В деле Перро была ловушка. Большевики задумали выловить контрреволюционеров и от имени бразильского консула объявили покровительство офицерам, которые будто бы принимаются туда для охраны. Несколько офицеров неосторожно отозвались и погибли. Консулом Перро оказался переодетый чекист, который будто бы был даже осужден вместе с другими. Но в числе казненных его не оказалось, история так и осталась загадочной. Из дипломатов никто бразильского консула Перро не знал.
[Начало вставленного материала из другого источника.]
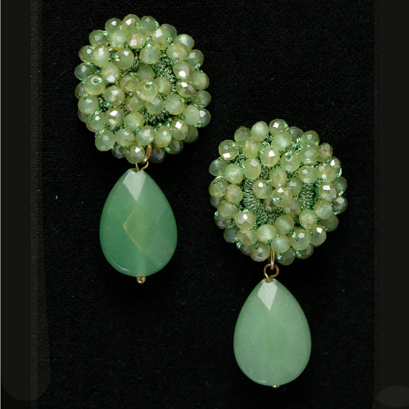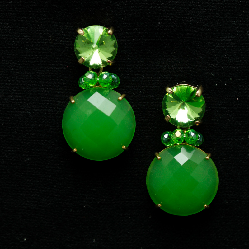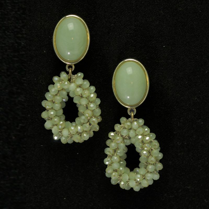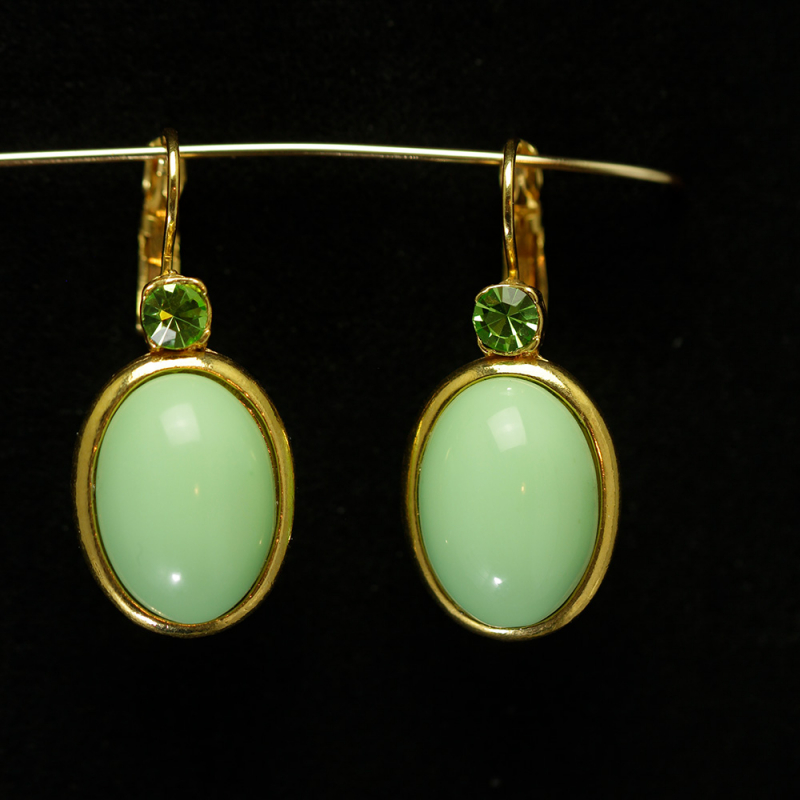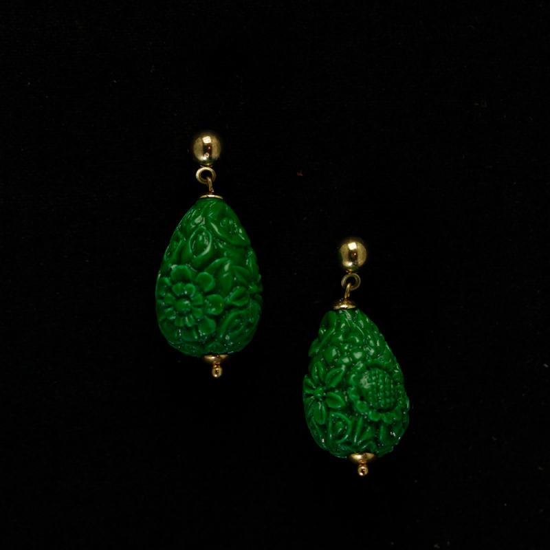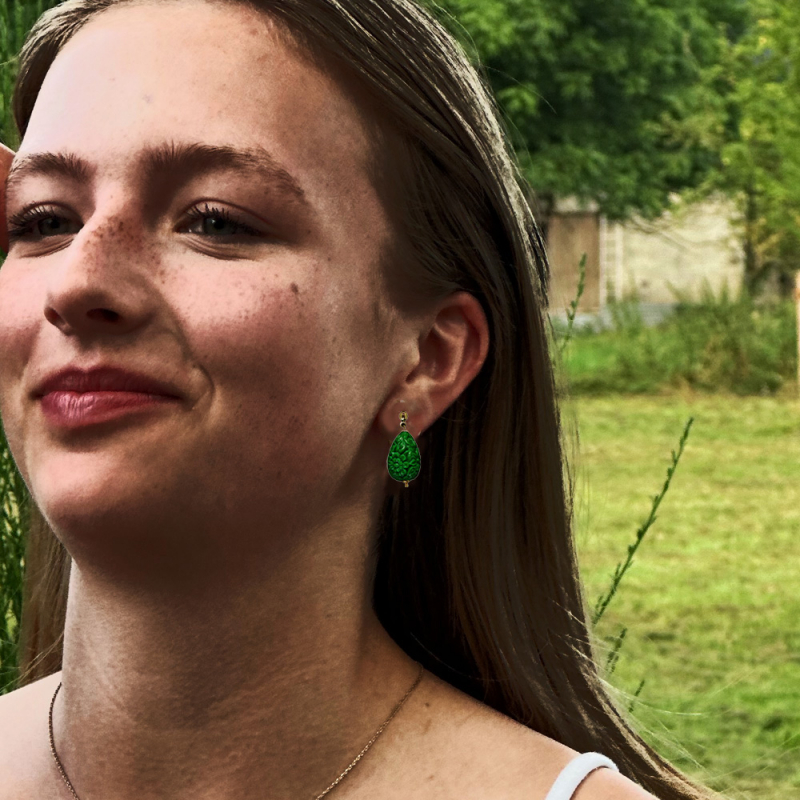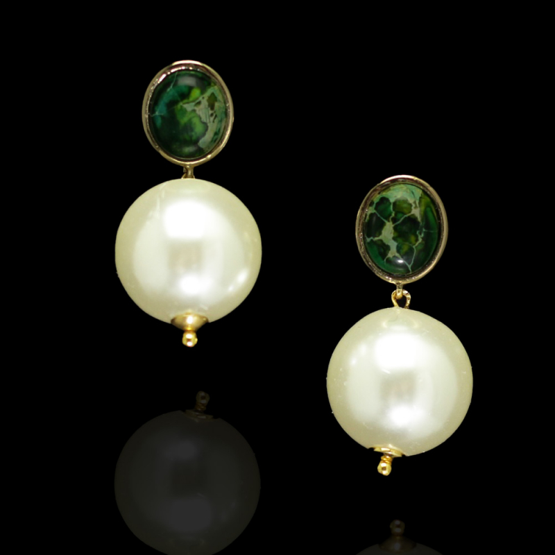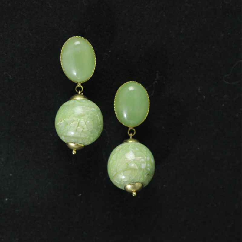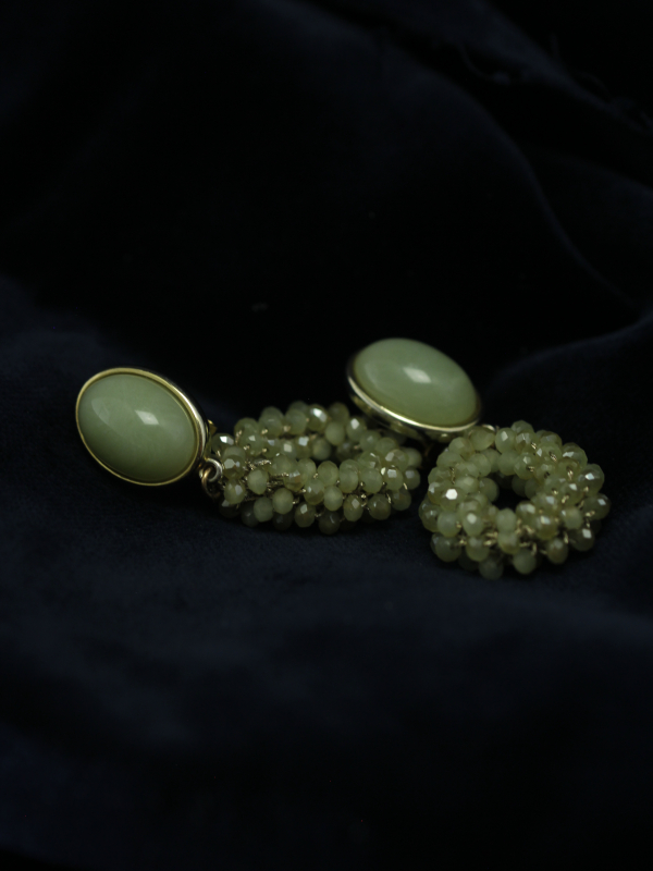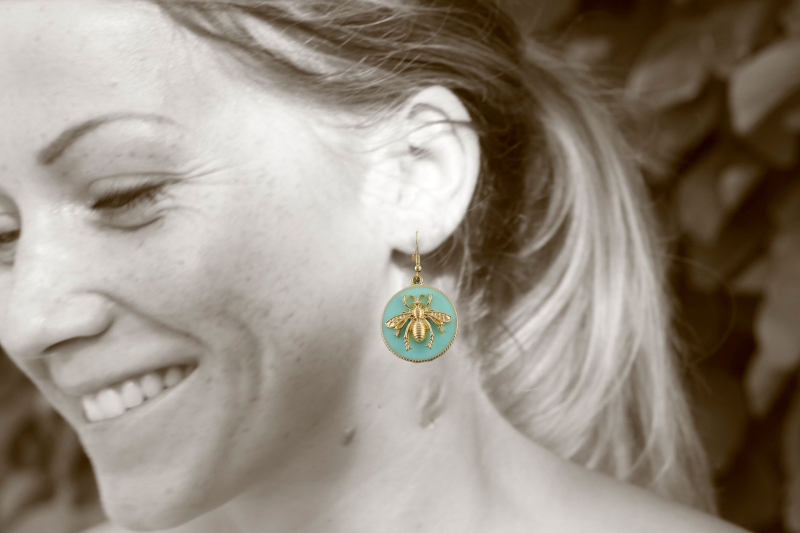 Einzigartige Ohrringe mit hellem grünem Medaillon, umrandet von goldenen Perlen, und einer kunstvollen goldenen Biene in der Mitte. Ein elegantes Accessoire, das Eleganz und Raffinesse verkörpert.

Характерно также дело Стасюка - Бимонта. По одним сведениям, Стасюк был раньше жандармом, по другим - мелким помещиком. Он был убежденный и смелый контрреволюционер. Когда к нему пришли с обыском, он довольно хитро завлек комиссара в свой кабинет и, улучив момент, выстрелил в него. Револьвер дал осечку, и тогда он стал избивать чекиста револьвером. На крик чекиста вбежали его товарищи и обезоружили Стасюка. Почему-то в этом обыске участвовал сам Савчук. Стасюк был посажен в чека вместе с дочерью и ее женихом, поручиком Бимонтом. Сидя в чека, Бимонт писал карандашом на стене свой дневник. Всех трех мучили на допросах - и, переведя в тюрьму, там однажды расстреляли, как это описано выше.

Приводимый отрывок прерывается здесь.